Related
I am doing a text mining project that will analyze some speeches from the three remaining presidential candidates. I have completed POS tagging with OpenNLP and created a two column data frame with the results. I have added a variable, called pair. Here is a sample from the Clinton data frame:
V1 V2 pair
1 c( NN FALSE
2 "thank VBP FALSE
3 you PRP FALSE
4 so RB FALSE
5 much RB FALSE
6 . . FALSE
7 it PRP FALSE
8 is VBZ FALSE
9 wonderful JJ FALSE
10 to TO FALSE
11 be VB FALSE
12 here RB FALSE
13 and CC FALSE
14 see VB FALSE
15 so RB FALSE
16 many JJ FALSE
17 friends NNS FALSE
18 . . FALSE
19 ive JJ FALSE
20 spoken VBN FALSE
What I'm now trying to do is write a function that will iterate through the V2 POS column and evaluate it for specific pattern pairs. (These come from Turney's PMI article.) I'm not yet very knowledgeable when it comes to writing functions, so I'm certain I've done it wrong, but here is what I've got so far.
pairs <- function(x){
JJ <- "JJ" #adjectives
N <- "N[A-Z]" #any noun form
R <- "R[A-Z]" #any adverb form
V <- "V[A-Z]" #any verb form
for(i in 1:(length)(x) {
if(x == J && x+1 == N) { #i.e., if the first word = J and the next = N
pair[i] <- "JJ|NN" #insert this into the 'pair' variable
} else if (x == R && x+1 == J && x+2 != N) {
pair[i] <- "RB|JJ"
} else if (x == J && x+1 == J && x+2 != N) {
pair[i] <- "JJ|JJ"
} else if (x == N && x+1 == J && x+2 != N) {
pair[i] <- "NN|JJ"
} else if (x == R && x+1 == V) {
pair[i] <- "RB|VB"
} else {
pair[i] <- "FALSE"
}
}
}
# Run the function
cl.df.pairs <- pairs(cl.df$V2)
There are a number of (truly embarrassing) issues. First, when I try to run the function code, I get two Error: unexpected '}' in " }" errors at the end. I can't figure out why, because they match opening "{". I'm assuming it's because R is expecting something else to be there.

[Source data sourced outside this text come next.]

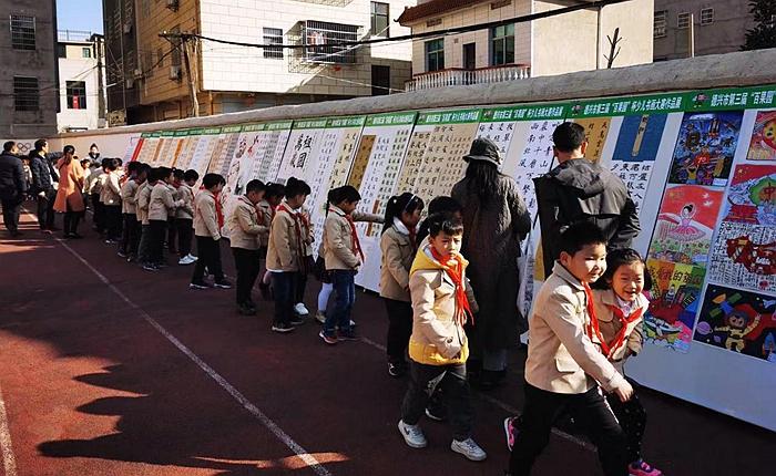中新网12月18日电 近日,江西省德兴市第三届“百果园”杯少儿书画获奖作品巡展进校园活动在德兴市第五小学举办,300多名师生参加活动。本次少儿书画大赛由百果园赞助支持,德兴市文化馆、铜都墨韵轩文化艺术培训有限公司承办。
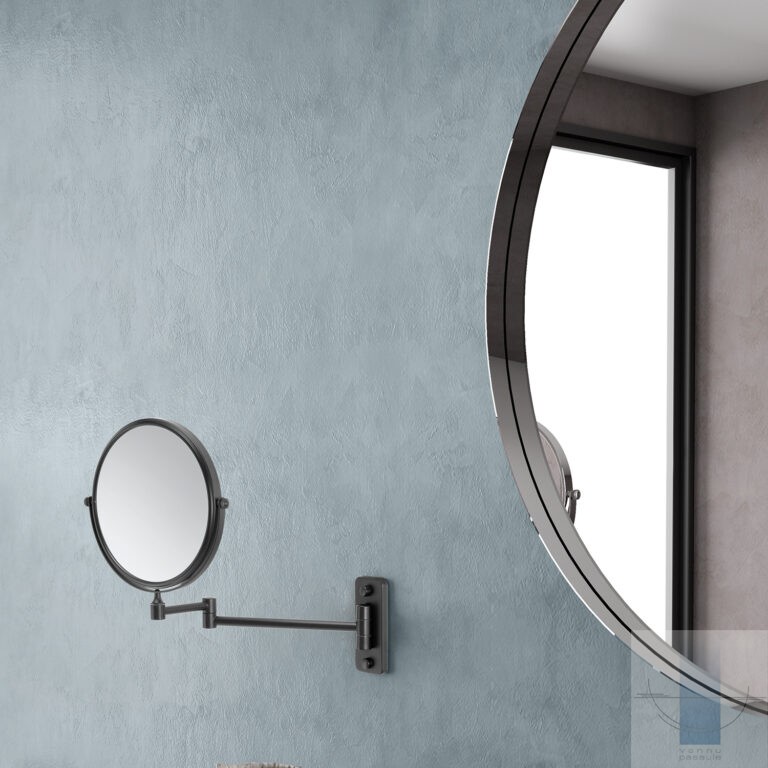 Elegants, matēti melns spogulis ar praktisku palielinājumu un pielāgojamu leņķi — ideāls risinājums ikdienas kosmētikai vai sejas kopšanai. Sienas stiprinājums ietaupa vietu un piešķir vannas istabai vai guļamistabai modernu stila akcentu. Iegādājieties kvalitatīvu un funkcionālu aksesuāru, kas palīdzēs piepildīt ikdienas ritualus ar komfortu un ērtībām.
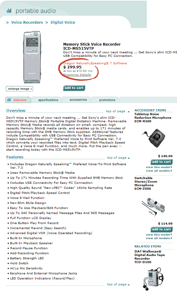 The difference is the Full Story. The second site gives me the whole enchilada. The first site simply sells me the basic specifications. And doubt grows in my mind. Sure I know the model is the same. But what if the one above doesn't have Dragon Naturally Speaking as part of it? Mmm…I really want it as part of the features.
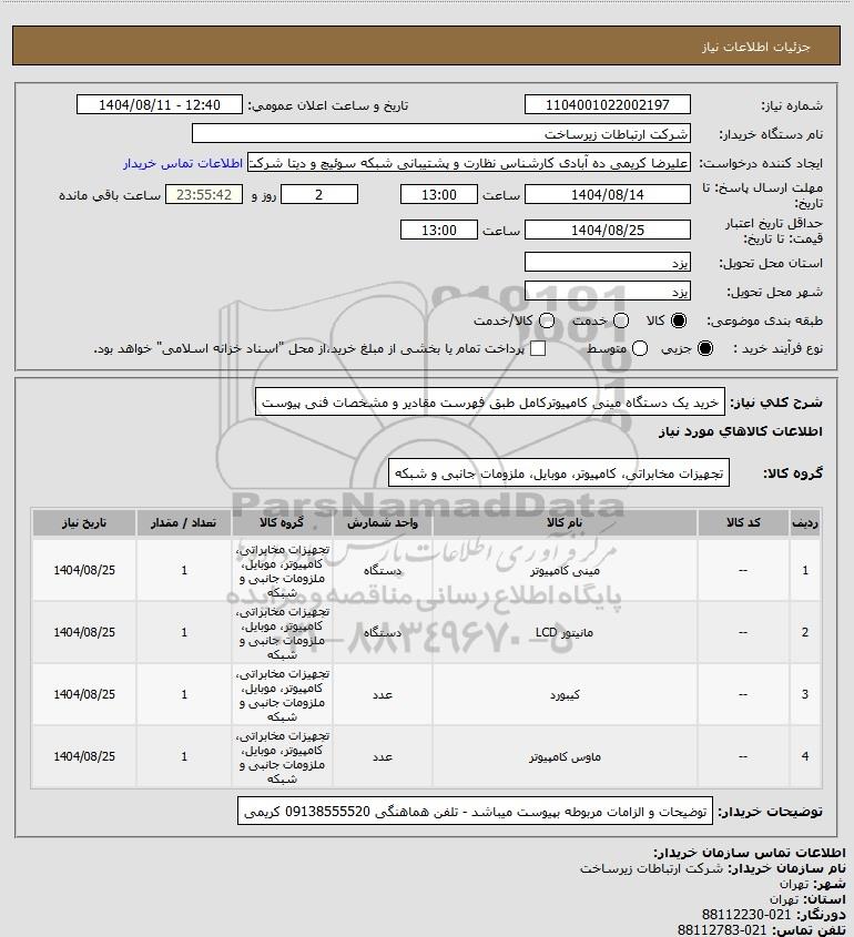 | 3 | -- | کیبورد | عدد | تجهیزات مخابراتی، کامپیوتر، موبایل، ملزومات جانبی و شبکه | 1 | 1404/08/25 |
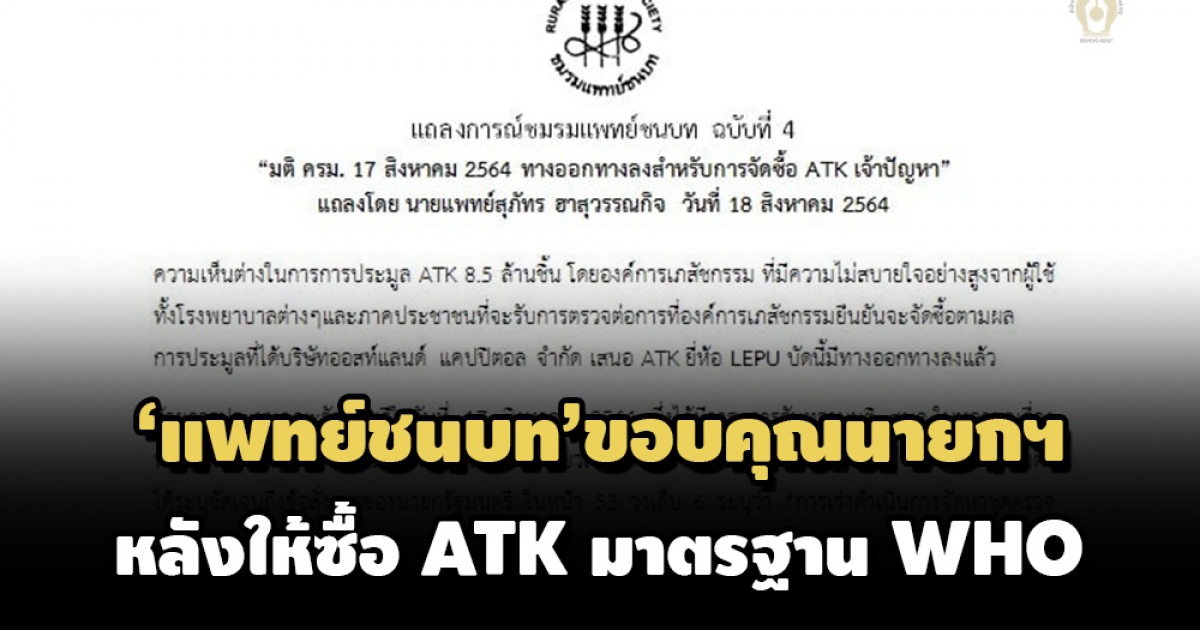 'แพทย์ชนบท' ออกแถลงการณ์ฉบับที่ 4 ชี้ทางออกสำหรับการจัดซื้อ ATK เจ้าปัญหา ขอบคุณนายกฯ หลังมีข้อสั่งการให้จัดหาชุดตรวจ ATK ที่ได้มาตรฐานสากล ได้รับการรับรองจาก อย. และต้องได้รับการรับรองจากองค์การอนามัยโลกแล้ว
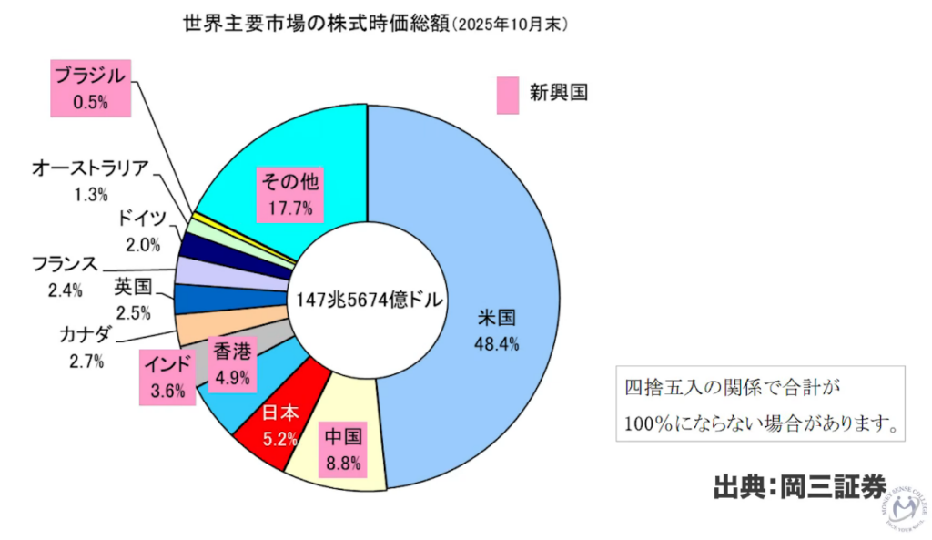 まず市場規模から見ていきましょう。積立投資をしている方の多くは、世界株式やアメリカのS&P500に投資していると思われます。世界の主要市場の株式時価総額は、2025年10月末現在で約2京2135兆円に達しています。昨年は1京8000兆円だったため、1年で4000兆円以上も伸びたことになります。
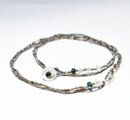 フランスアンティークカットメタルビーズとハーキマーダイヤモンド、インディゴブルービーズを繋いだ2連ネックレス です。
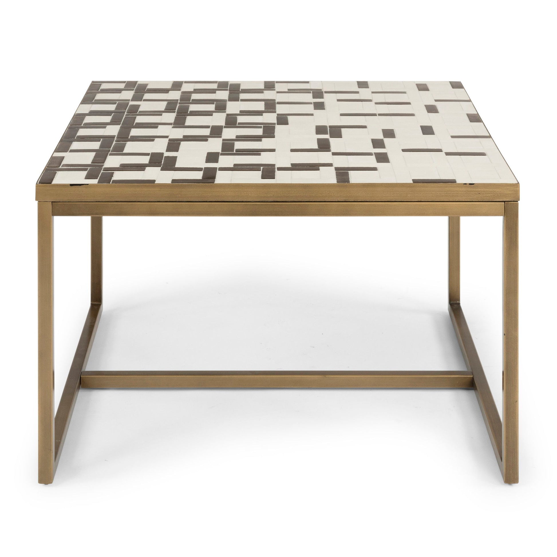ake a new angle on designing your indoor or outdoor spaces with this Geometric Table by homestyles. The table features a contemporary mosaic tile top with open metal base, finished in a brushed-brass, powder-coated paint finish. The top is a hand-applied random pattern of cream and metallic gold tiles. The metal tube frame is supported by a center stretcher, which adds stability to the table. This table can be used both indoors or outdoors. Finish and measurements may vary slightly. Assembly required. Arrives at your door by parcel delivery service.
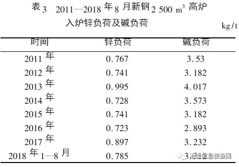 2013 年,新鋼2 500 m3 高爐入爐鋅負荷、堿負荷分別高達0. 995 kg /t 和4. 017 kg /t( 見表3) ,遠遠高于國標(biāo)要求。高爐90% 以上的鋅負荷和60% 左右的堿金屬負荷來自燒結(jié)礦,這也是爐料結(jié)構(gòu)中高比例燒結(jié)礦給高爐生產(chǎn)帶來的新問題,同時也是近年來新鋼兩座2 500 m3 高爐有不同程度結(jié)厚的重要原因。近年來新鋼2 500 m3 入爐鋅負荷、堿負荷情況見表3。

Also, and more importantly, this function won't exactly get me what I want, which is to extract the word pairs that match a pattern and then the pattern that they match. I honestly have no idea how to do that.
Then I need to figure out how to evaluate the semantic orientation of each word combo by comparing the phrases to the pos/neg lexical data sets that I have, but that's a whole other issue. I have the formula from the article, which I'm hoping will point me in the right direction.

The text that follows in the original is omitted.